Below are the records to transcribe exactly; do not include any images.
# # # # # # #
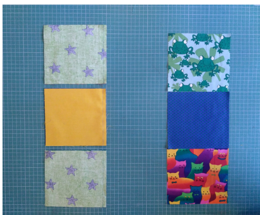
Knip de draad NIET door tussen de blokken
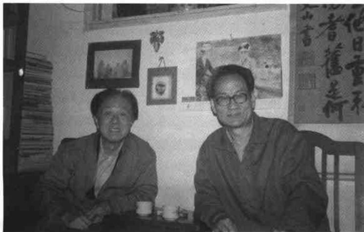
彭燕郊、牛汉，1988年，长沙
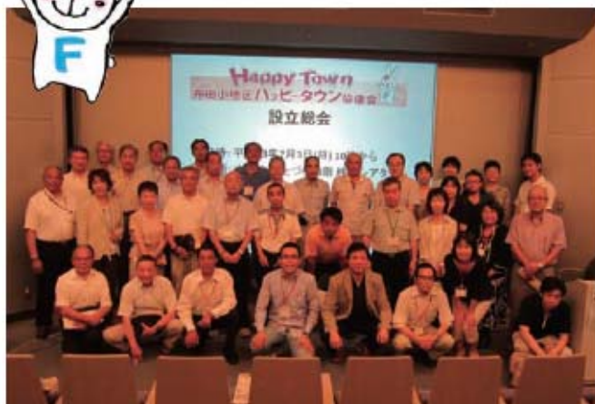
文化会館たづくりでの設立総会の様子です。
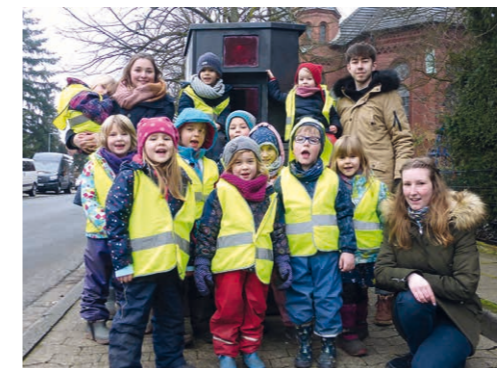
Tolle Kiste zu Besuch: Die angehenden Schulkinder haben sich das Messgerät zusammen mit ihren Erziehern genau angeschaut und es bei seiner Arbeit beobachtet.
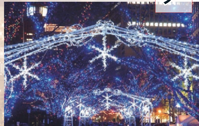
写真は昨年の様子

大阪市北区中之島一帯 OSAKA 光のルネサンス 2006 12月16日(土)～26日(火) 午後5時～11時 ※中之島イルミネーションストリートは、1日(金)～15日(金)は9時30分まで点灯のみ。16日(土)からショーを開催 実行委員会事務局 ☎06(6446)6855
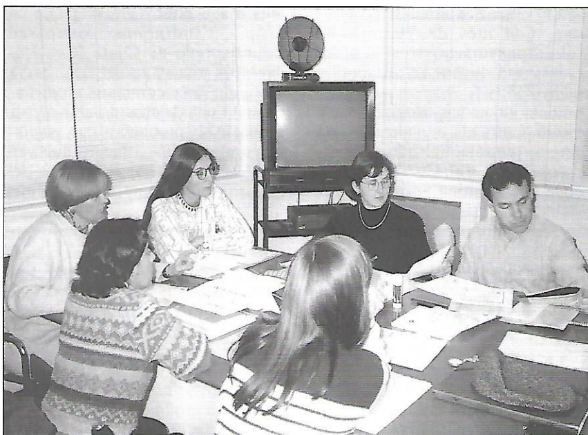
El Codi Ètic regularà el treball de les ONG.

Per tal de fer realitat aquests canvis, el Codi estableix com a unes de les funcions principals de les ONGD: influir en les institucions polítiques i administratives, establir vies de vinculació entre la societat i la tasca de les ONGD (a través de trobar formes de participació i compromís individual que
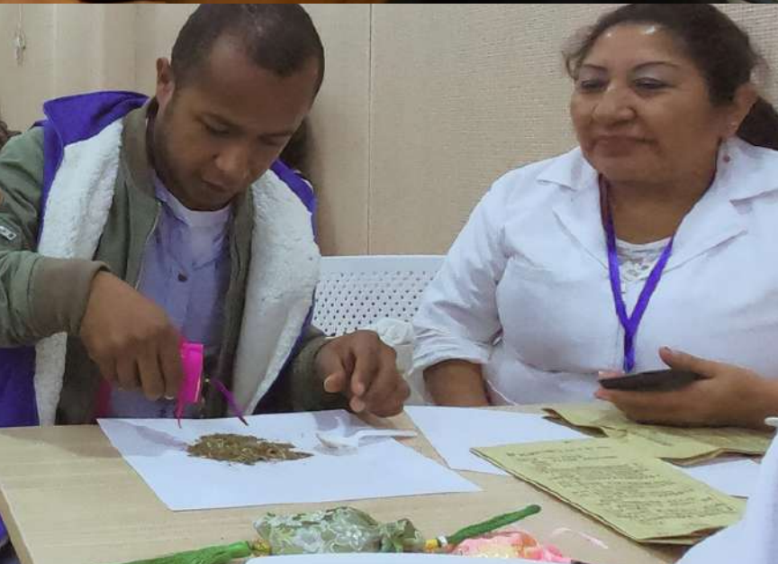
Práctica de Herboristería
# # # # # # #
Response below ::
Knip de draad NIET door tussen de blokken
彭燕郊、牛汉，1988年，长沙
文化会館たづくりでの設立総会の様子です。
Tolle Kiste zu Besuch: Die angehenden Schulkinder haben sich das Messgerät zusammen mit ihren Erziehern genau angeschaut und es bei seiner Arbeit beobachtet.
写真は昨年の様子

大阪市北区中之島一帯 OSAKA 光のルネサンス 2006 12月16日(土)～26日(火) 午後5時～11時 ※中之島イルミネーションストリートは、1日(金)～15日(金)は9時30分まで点灯のみ。16日(土)からショーを開催 実行委員会事務局 ☎06(6446)6855
El Codi Ètic regularà el treball de les ONG.

Per tal de fer realitat aquests canvis, el Codi estableix com a unes de les funcions principals de les ONGD: influir en les institucions polítiques i administratives, establir vies de vinculació entre la societat i la tasca de les ONGD (a través de trobar formes de participació i compromís individual que
Práctica de Herboristería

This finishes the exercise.